子貢 問いて曰わく、孔文子何を以て之を文と謂うか、と。子曰わく、敏にして学を好み、下問(かもん)を恥じず。是を以て之を文と謂う、と。(「公冶長第五」15)

 弟子の子貢が「あの孔文子が、どうして文という諡(おくりな)を得たのでしょうか」と疑問を呈しました。すると孔子は「孔文子は明敏であり学問を好み、後輩や目下の者に教えを乞うことを恥じなかった。そういうわけで、諡号(しごう)に文が贈られたのである」と説明しました。

dsupplying.hatenadiary.jp

「孔文子」、衛の国の大夫だった人物。諡法に依れば、「文」とは「学に勤め問うを好む」と人柄を表すそうです。

 ただ、この「孔文子」孔圉はあまり評判がよくなかったといいます。大叔疾(たいしゅくしつ)という人に、自分の娘の孔姞(こうけつ)を嫁がせますが、対立し、疾は国外に逃亡すると、孔圉は娘の孔姞を、疾の弟の遺(い)に再婚させたそうです。当時は弟が嫂(あによめ)と結婚するのは家族道徳上許されないことであったといいます。子貢はこれを指摘したようです。

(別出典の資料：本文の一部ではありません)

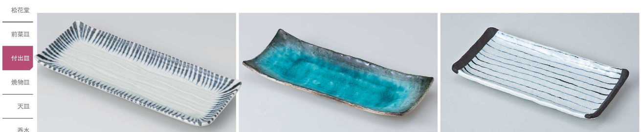
松花堂 120-201-163 1,250円 呉須十草 そぎ長角皿 (27.5×11.1×2.8) 120-202-013 1,170円 均窯スカイ付出皿 (24.1×9.7×2.8) 120-203-473 1,150円 いぶし測黒十草付出皿 (21.5×10.2×2.5)
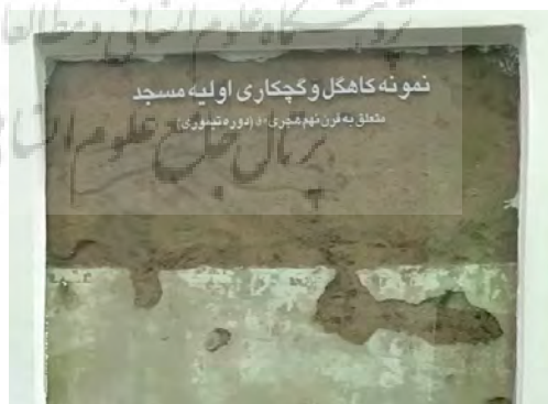
تصویر ۱۱: قابی از لایه‌های زیرین مسجد که در عملیات مرمت به صورت ویتترین درآمده و اندود نشده است.
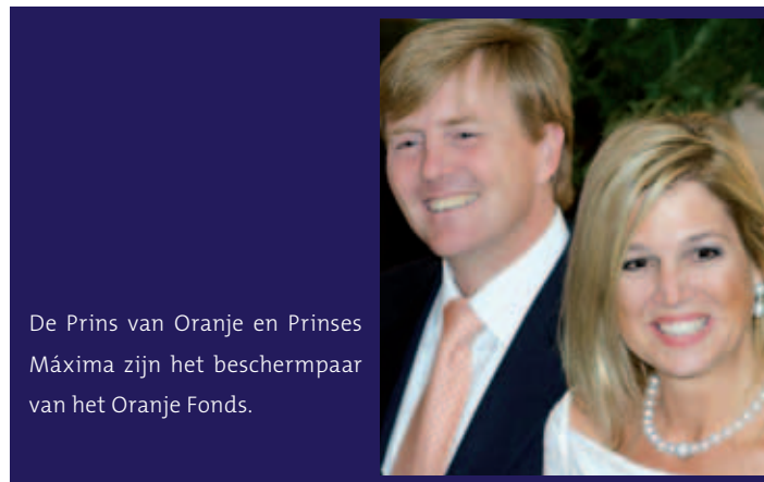
De Prins van Oranje en Prinses Máxima zijn het beschermbaar van het Oranje Fonds.
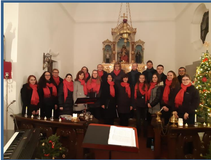
Vánoční koncert v kapli Božského srdce Páně ve Ctiboři 30.11.2019
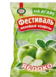
КОНФЕТЫ ЖЕЛЕЙНЫЕ НЕГЛАЗИРОВАННЫЕ «ФЕСТИВАЛЬ СО ВКУСОМ ЯБЛОКА» 1/250 UNGLAZED JELLY CANDIES "FESTIVAL WITH APPLE FLAVORED" 1/250 無釉果冻糖果 "节日 苹果味的" 1/250

Упаковка: фрасованная - 1/250, 18 шт в г/к Package: filled packaging - 1/250, 18 pcs in a corrugated box 包装: 分包包装-1/250 · 每个瓦楞纸18个
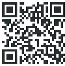
QR CODE แบบฟอร์มแสดงความประสงค์
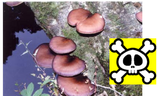
毒きのこの代表 ツキヨタケ
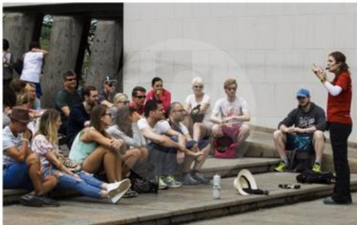
Turistas con su guía en el sector de La Alpujarra, Centro de Medellín.
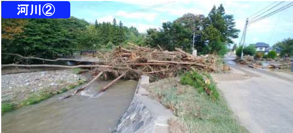
二級河川小屋畑川 久慈市長内町17地割
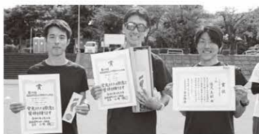
5km40歳以上男子 〔総合〕 1位・6位
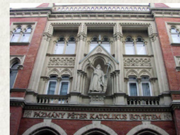
Budapest, Szentkirályi u. 28.
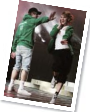
Sakulainen liikkuja s. 6
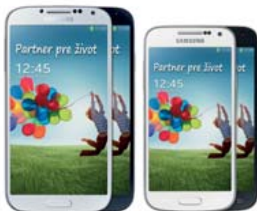
Samsung GALAXY S4

vyberte si špičkový Samsung s originálnym krytom za polovicu
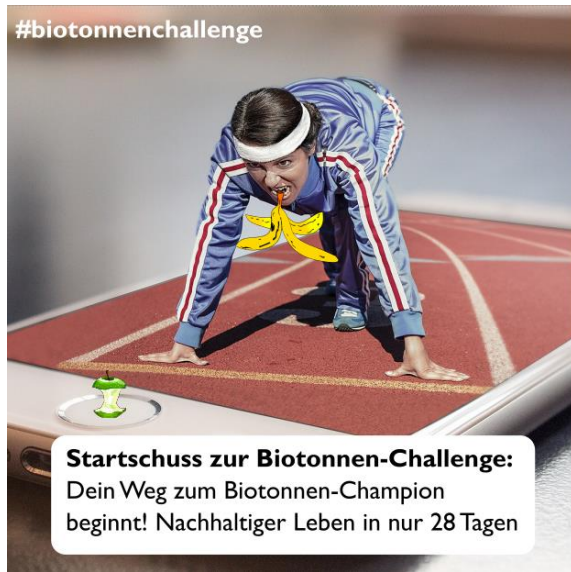
Tag 1 - Thema: Start der Challenge
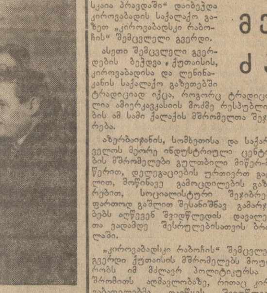
მეგობრები ერთმანეთისაგან სწავლობენ. მეგობრები ერთმანეთისაგან სწავლობენ. მეგობრები ერთმანეთისაგან სწავლობენ.
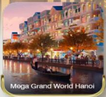
Mega Grand World Hanoi
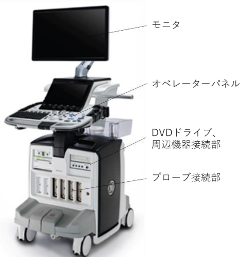
類型 LOGIQ E10s
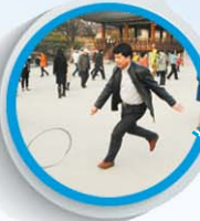
团员童心大发,玩起了儿时游戏。

4月13日,泰国“泼水节”开始;16日,鲁能客场挑战武里南“泰国亚冠助威团”即将启动
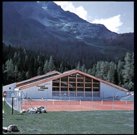
Corviglia-Tennis- und Squashhalle Kur- und Verkehrsverein St. Moritz
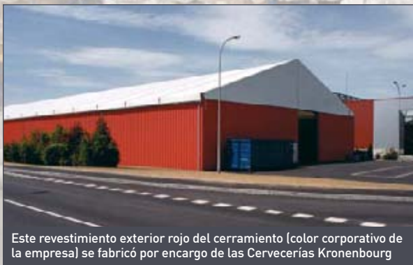
Este revestimiento exterior rojo del cerramiento (color corporativo de la empresa) se fabricó por encargo de las Cervecerías Kronenbourg
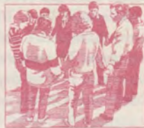
22 Religia este esențială pentru familie

trimis va fi reținut la redacție pentru o posibilă publicare. Articolele se vor scrie la două rânduri și nu vor depăși trei coli format A4. Ele vor fi însoțite de numele autorului, adresa și telefonul. Nu publicăm articole nesemnate.
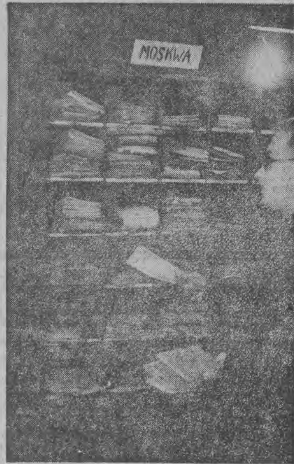
Takiego „zatrzęsienia” listów wysyłanych za granicę nie pamiętają nawet starzy pracownicy pocztowi. Oto jedna z wielu szafek w Urzędzie Pocztowym Łódź 2 przeznaczonych tylko na korespondencje do Moskwy.
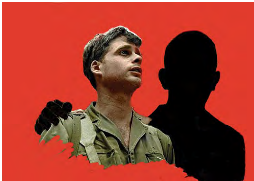
הוא ואני, מתוך הסדרה: צנחנים בכותל, 2017, הדפס דיגיטלי, 35x50 Him and Me, from the series: The Paratroopers by the Western Wall, 2017, digital print, 35x50
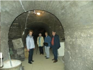
Im alten Weinkeller
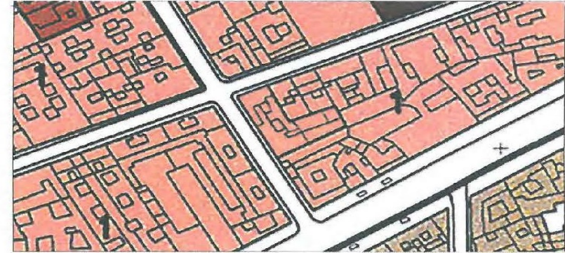
Recorte de la hoja nº 26 del plano de "Calificación, Usos y Sistemas" del PGOU. Ordenación modificada.

La ordenación resultante del presente proceso de innovación del PGOU se define por medio de las siguientes determinaciones: adscripción de los terrenos a la subzona 1 de la zona de ordenación en Manzana Cerrada (MC-1), del suelo urbano consolidado que ocupa parte de la parcela con referencia catastral 3552809UG4935S.
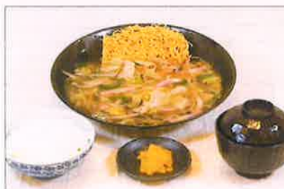
黒豚皿うどん セット
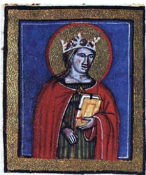
Sl. 42. Sv. Jelena Križarica (Hrvojev misal, f. 159c) Fig. 42. S. Elena di Santa Croce (Messale del Duca Hrvoje, f. 159c)
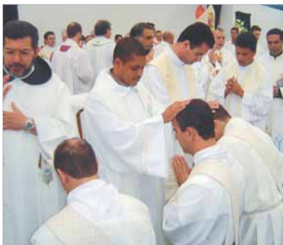
... os membros do Clero, como sinal da aceitação e da unidade presbiteral
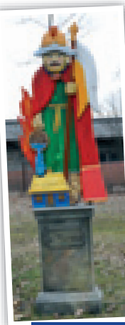
Zabytkowy pojazd strażacki z lat 70. XX w. i figura św. Floriana ze skansenu w Tokarni

Ważnym wydarzeniem w pierwszych latach funkcjonowania w Kielcach straży ogniowej było utworzenie or-

 歴史的評価も、何に焦点を当てるかで変化するということでしょうか。

 

 

 短命に終わった菅前首相でしたが、一定の時間が経過すると、その成果を再評価する見方が出ているそうです。

【コラム】 短命政権が残した永続的な功績、再評価へ-リーディー - Bloomberg

 一見すると線香花火的な政権で終わった歴代首相の一人にも見えるが、菅政権は、政策決定が往々にして遅々として進まない日本政治において同氏の功績は驚くほど素晴らしいものとブルームバーグはいいます。

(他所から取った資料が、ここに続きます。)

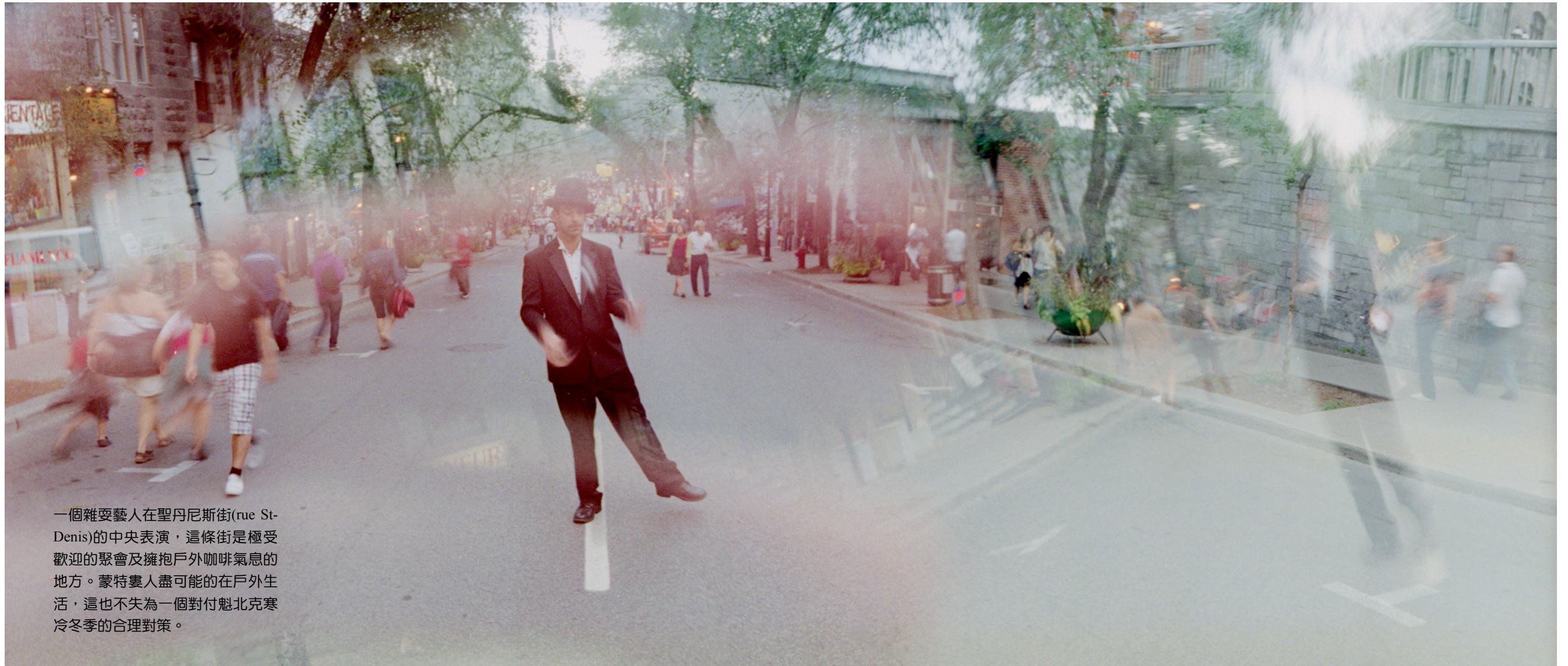
一個雜耍藝人在聖丹尼斯街(rue St-Denis)的中央表演，這條街是極受歡迎的聚會及擁抱戶外咖啡氣息的地方。蒙特婁人盡可能的在戶外生活，這也不失為一個對付魁北克寒冷冬季的合理對策。

的敬畏感覺常常伴隨著眾人屏氣凝神的讚嘆。內部裝潢大部份是木雕，這個計畫本身就花了30年。它彩色的玻璃窗戶是來自法國的利摩哥斯(Limoges)，而紀事的故事則來自於蒙特婁的歷史及聖經。這個教堂值得你花數小時來細細品味。不只一個的蒙特婁人指出當地的首席女歌星席琳狄翁在1994年在此結婚，這是極為合理的事實。
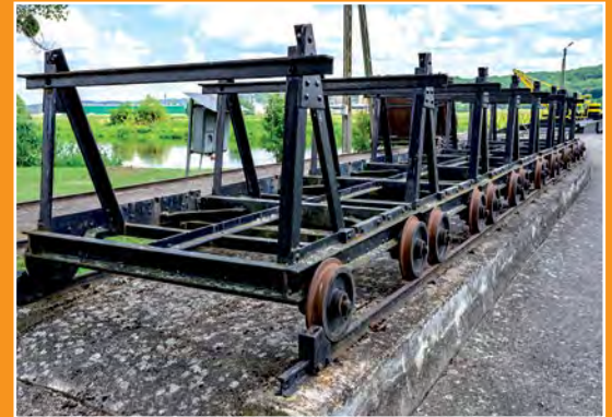
Na noteckiej śluzie An der Netzeschleuse

Ryby sprawić, oczyścić, opłukać, pokroić na dzwonka. W rondlu rozgrzać olej, wrzucić obraną, pokrojoną cebulę oraz obrany i zmiążdżony czosnek. Podsmażyc nie rumieniąc, dodać ryby i dusić 15 minut, mieszając drewnianą łyżką. Włoszczyznę obrać, umyć, rozdrobnić, zalać 2 litrami wody i ugotować wywar. Do garnka z rybami wlać wino, 2 litry wywaru z warzyw, dodać przyprawy korzenne, tymianek i gotować wszystko na małym ogniu 1 godzinę. Następnie zupę przecedzić, a ryby przetrzeć przez sito. Doprawić szafranem, solą i pieprzem. Podawać w filiżankach, z dodatkiem grzanek. Ser do posypania zupy podać w osobnym naczyniu. Jeżeli po wigilii zostanie jej trochę, można ją zaprawić śmietaną, posypać siekaną pietruszką i podać z łazankami lub drobnym makaronem.

「菅氏の政治家人生に一貫して見られるのは、現状打破への意欲」

菅氏肝いりの政策である不妊治療への保険適用が最近開始され、同氏は再び脚光を浴びている。保険適用開始を報告した同氏のツイートには、約50万件の「いいね」が寄せられ、日本の政治家の中で今年最多の「いいね」を獲得した。(出所:ブルームバーグ

 菅氏は成果を支持率には結び付けることができなかったと、ブルームバーグは前置きし、後任の岸田首相は立法面では大した成果も上げていなのに、ウクライナ情勢などへの対応に評価が集まり、支持率が政権発足以来最高水準にしているといいます。

人の評価とはこういうものなのでしょうか。

 孔子が「子貢(しこう) 人を方(くら)ぶ」といい、「賜(し)や、賢なるかな。夫(そ)れ我は則ち暇(いとま)あらず」と言いました。(「憲問第十四」29)

 人物を比較論評していた子貢のことを、「子貢の論評は的確で聡く賢い。私にはそんな暇はない」と孔子はいったそうです。